Thank you for the opportunity to provide comments.
Steven Goldman:
The CMS guidance on the Post-Partum 12-month Medicaid Extension notes:
".. under the extended postpartum coverage option, individuals are entitled to the extended postpartum coverage **regardless of the reason the pregnancy ends**."
(emphasis added; CMS SHO 21-007, Dec. 7, 2021, page 3)
Similar wording does not seem to be in OHCA rules, but likely should be added. There may be concern that only a "live birth" would qualify a woman for the 12-month extension in Oklahoma.
Would OHCA please clarify whether there are any restrictions based on how, when or why a pregnancy ends which would affect eligibility for the 12-month extension?
[This comment comes as a private citizen, not connected to any other group or employer]
OHCA Response:
Thank you for your comment. The OHCA takes every comment under advisement and review. The OHCA rules have been amended to add "regardless of the reason" at 317:30-3-57(31) behind "after the pregnancy ends" to address the concern.
Yvonne Myers:
On behalf of the Citizen Potawatomi Nation and as a consultant who promotes access to care, I want to go on record as stating the importance of reinstating the income eligibility back to 185% FPL (210% MAGI) back to the level is was in Oklahoma prior to implementation of the ACA Marketplace.
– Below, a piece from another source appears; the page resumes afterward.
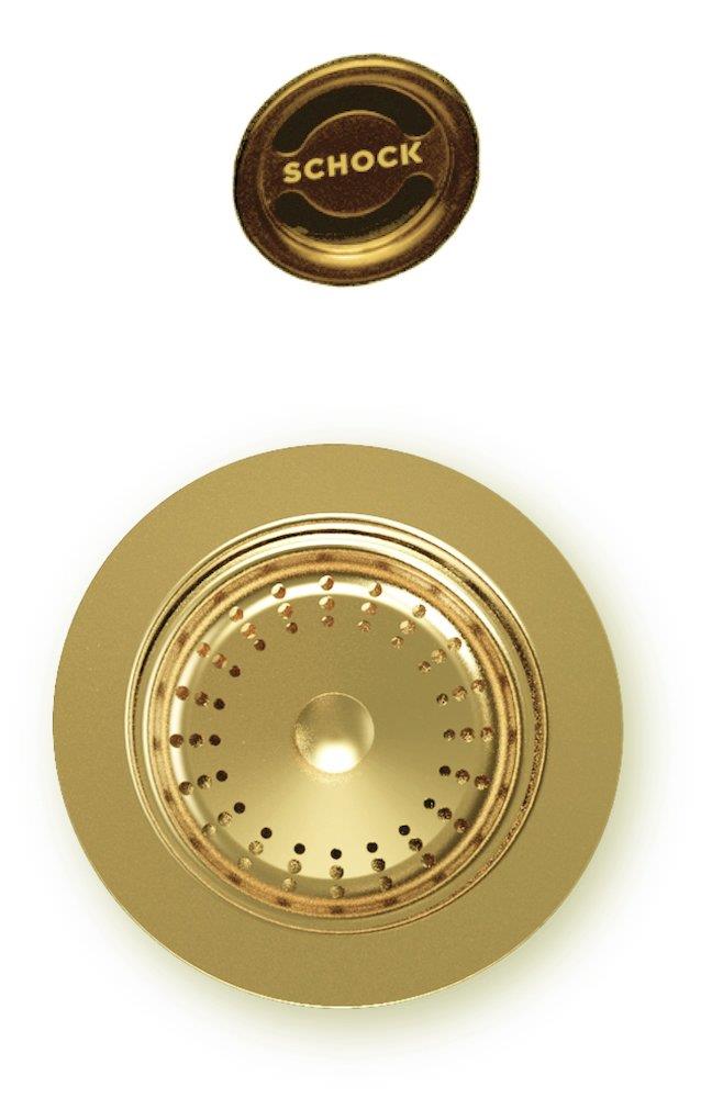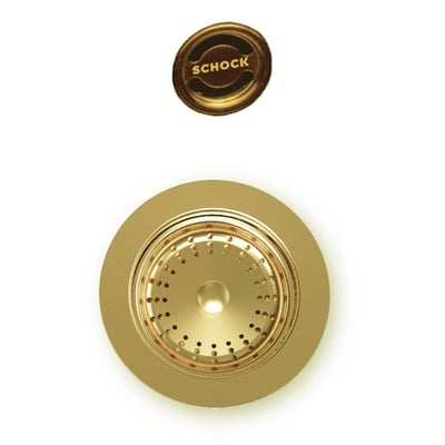 Messingfarvet afløbsrist, overløbsrist og strainer til granitvask.

Based on communications with OHCA staff, it is my understanding that you plan to do a "look back" for those individuals whose pregnancy ended in 2022 and reinstate the balance of the 12 months post partum benefit for 2023. This is very important.
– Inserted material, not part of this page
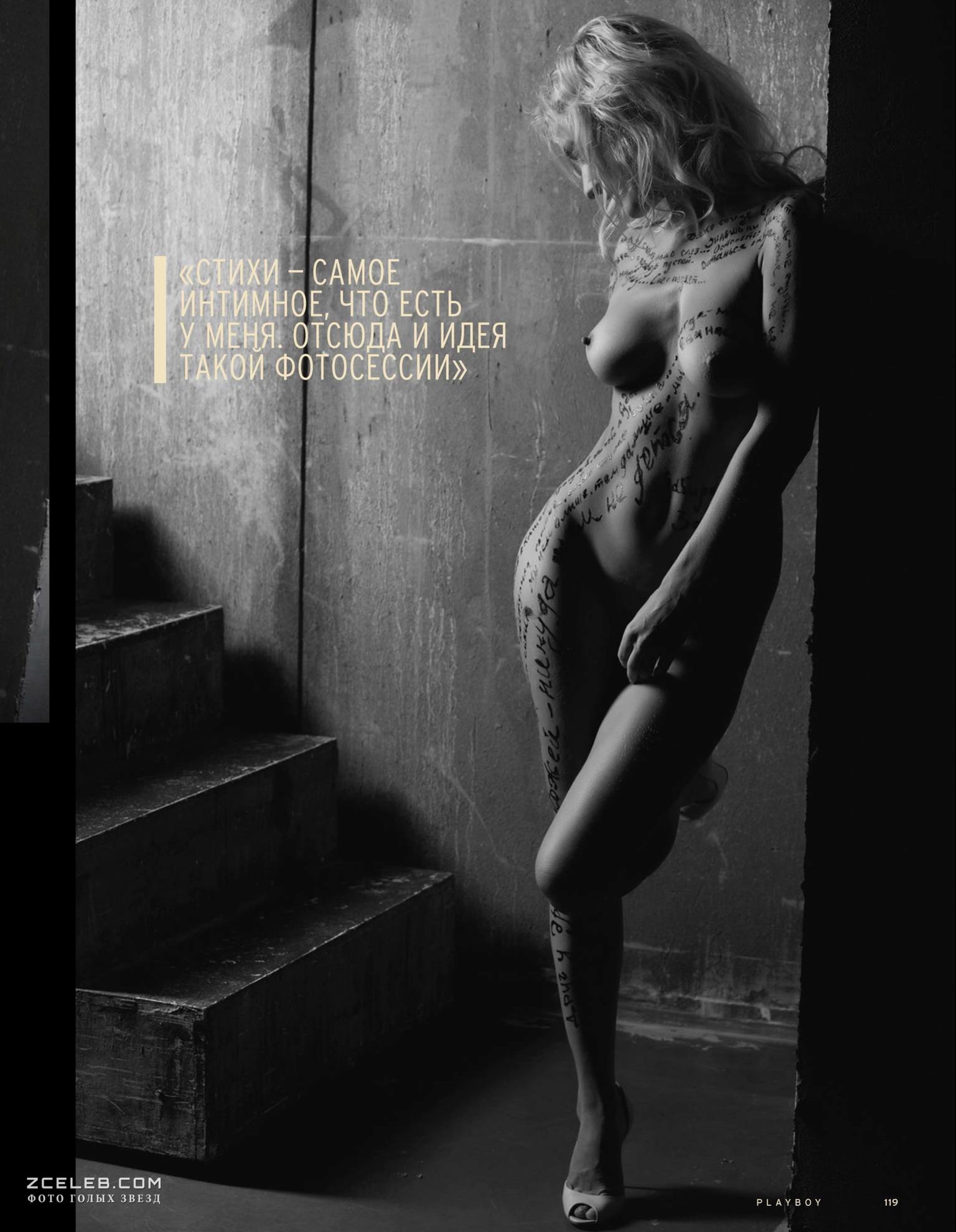 Обнажённая Катя Гордон предстала в очень таинственном образе в фотосессии для журнала Playboy в ноябре 2014 года. Её изящные изгибы тела украшают тайные письмена, разгадав которые, возможно, вы получите ключик к сердцу девушки.

It is also important that these members stay under the Pregnancy benefit category and are not subject to cooperation with child support requirements. Under the pregnancy benefit, cooperation with child support is not required.
As I believe it is the intent, I do want to stress the importance of the 12 months apply to the end of pregnancy regardless of whether the pregnancy ends as a result of a live birth, stillbirth, miscarriage, etc. The CMS guidance on the Post-Partum 12-month Medicaid Extension notes:
".. under the extended postpartum coverage option, individuals are entitled to the extended postpartum coverage regardless of the reason the pregnancy ends."
(emphasis added; CMS SHO 21-007, Dec. 7, 2021, page 3) This intent should be the same for Oklahoma.
Again, increasing the income eligibility for make the full scope of services available for pregnant women available is extremely positive.
I respectfully submit my comments and requests for your approval.
OHCA Response:
Thank you for your comment. The OHCA takes every comment under consideration and advisement.
There will be no look-back period. However, if the member loses eligibility at the end of the 60-day post-partum period and, once the State implements this change, they could be eligible for the additional postpartum period, the member can reapply within 3 months of their eligibility ending. If within that 3 months they received SoonerCare-covered services and met SoonerCare eligibility requirements, they would then be retro-actively eligible for post-partum coverage and it would continue until the end of their 12 months post-partum period.
Per 42 CFR 433.145 pregnant women are exempt from cooperating with child support.
The 12-months post-partum coverage is granted, regardless of how the pregnancy ends. The rules are amended to add “regardless of the reason” at 30-3-57(31) behind “after the pregnancy ends”.